1. In your terminal, create an Upstream resource that references the Lambda secret. Update the region with your AWS account region, such as us-east-1.

   kubectl apply -f - <<EOF
   apiVersion: gloo.solo.io/v1
   kind: Upstream
   metadata:
     name: lambda
     namespace: gloo-system
   spec:
     aws:
       region: <region>
       secretRef:
         name: aws-creds
         namespace: gloo-system
       lambdaFunctions:
       - lambdaFunctionName: echo
         logicalName: echo
         qualifier: $LATEST
   EOF

2. Create an HTTPRoute resource that references the lambda Upstream.

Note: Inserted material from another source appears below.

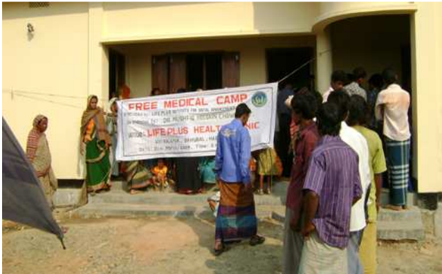
People entering the clinic to see the doctors/nurses

   kubectl apply -f - <<EOF
   apiVersion: gateway.networking.k8s.io/v1beta1
   kind: HTTPRoute
   metadata:
     name: lambda
     namespace: gloo-system
   spec:
     parentRefs:
       - name: http
         namespace: gloo-system
     rules:
     - matches:
       - path:
           type: PathPrefix
           value: /echo
       backendRefs:
       - name: lambda
         namespace: gloo-system
         group: gloo.solo.io
         kind: Upstream
         filters:
           - type: ExtensionRef
             extensionRef:
               group: "gloo.solo.io"
               kind: Parameter
               name: echo
   EOF

3. Confirm that K8sGateway correctly routes requests to Lambda by sending a curl request to the echo function.

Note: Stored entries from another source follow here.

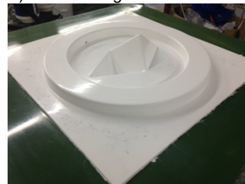
Figure 2: IMS gel-coated double tetrahedron moulding

Surface quality was monitored with a Gardner-BYK Wave-Scan Dual instrument. The parameters are dullness (<0.1 mm), shortwave (0.3-1.2 mm), longwave (1.2-12 mm) and distinctness of image (DOI Dorigon correlated to ASTM E430). A small number is indicative of better surface finish for the first three parameters while a high number (maximum 96) indicates a good surface for DOI.
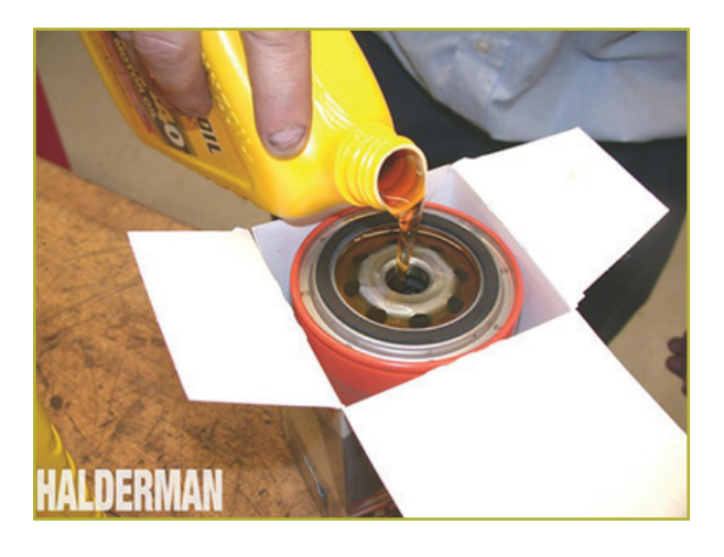
FIGURE 15—Filling the New Filter with New Engine Oil

Note: Many technicians fill the new filter with oil to speed up the lubrication process, as shown in Figure 15.
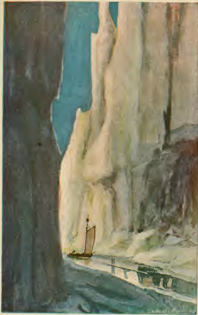
"A vessel larger than our little fishing sloop could not have threaded its way among the icebergs."
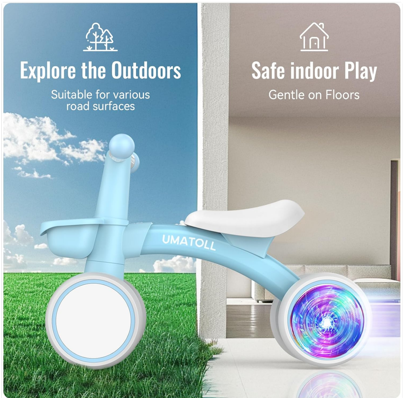
Figure 5: The bike's lightweight construction allows for easy handling by both children and adults.

   Cloud Provider LoadBalancerPort-forward for local testing

   curl $INGRESS_GW_ADDRESS:8080/echo -d '{"key1":"value1", "key2":"value2"}' -X POST

   curl localhost:8080/echo -d '{"key1":"value1", "key2":"value2"}' -X POST

   Example response:

   {"statusCode":200,"body":"Response from AWS Lambda. Here's the request you just sent me: {\"key1\":\"value1\",\"key2\":\"value2\"}"}% 

At this point, K8sGateway is routing directly to the echo Lambda function!

Cleanup

You can remove the resources that you created in this guide.

1. Delete the lambda HTTPRoute and lambda Upstream.

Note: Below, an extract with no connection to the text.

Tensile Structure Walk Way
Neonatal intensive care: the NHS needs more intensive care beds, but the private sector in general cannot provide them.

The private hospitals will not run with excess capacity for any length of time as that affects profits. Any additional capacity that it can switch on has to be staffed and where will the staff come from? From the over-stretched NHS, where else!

   kubectl delete HTTPRoute lambda -n gloo-system
   kubectl delete Upstream lambda -n gloo-system

2. Delete the aws-creds secret.

   kubectl delete secret aws-creds -n gloo-system

3. Use the AWS Lambda console to delete the echo test function.

Known limitations

• Currently, the only parameter that is supported for the backendRefs.filters.extensionRef field in the HTTPRoute resource is the name of the Lambda function. Additional parameters, such as wrapAsApiGateway, unwrapAsApiGateway, or invocationStyle, are not supported.
• Authenticating with your AWS account by using IAM Roles for Service Accounts (IRSA) is currently unsupported.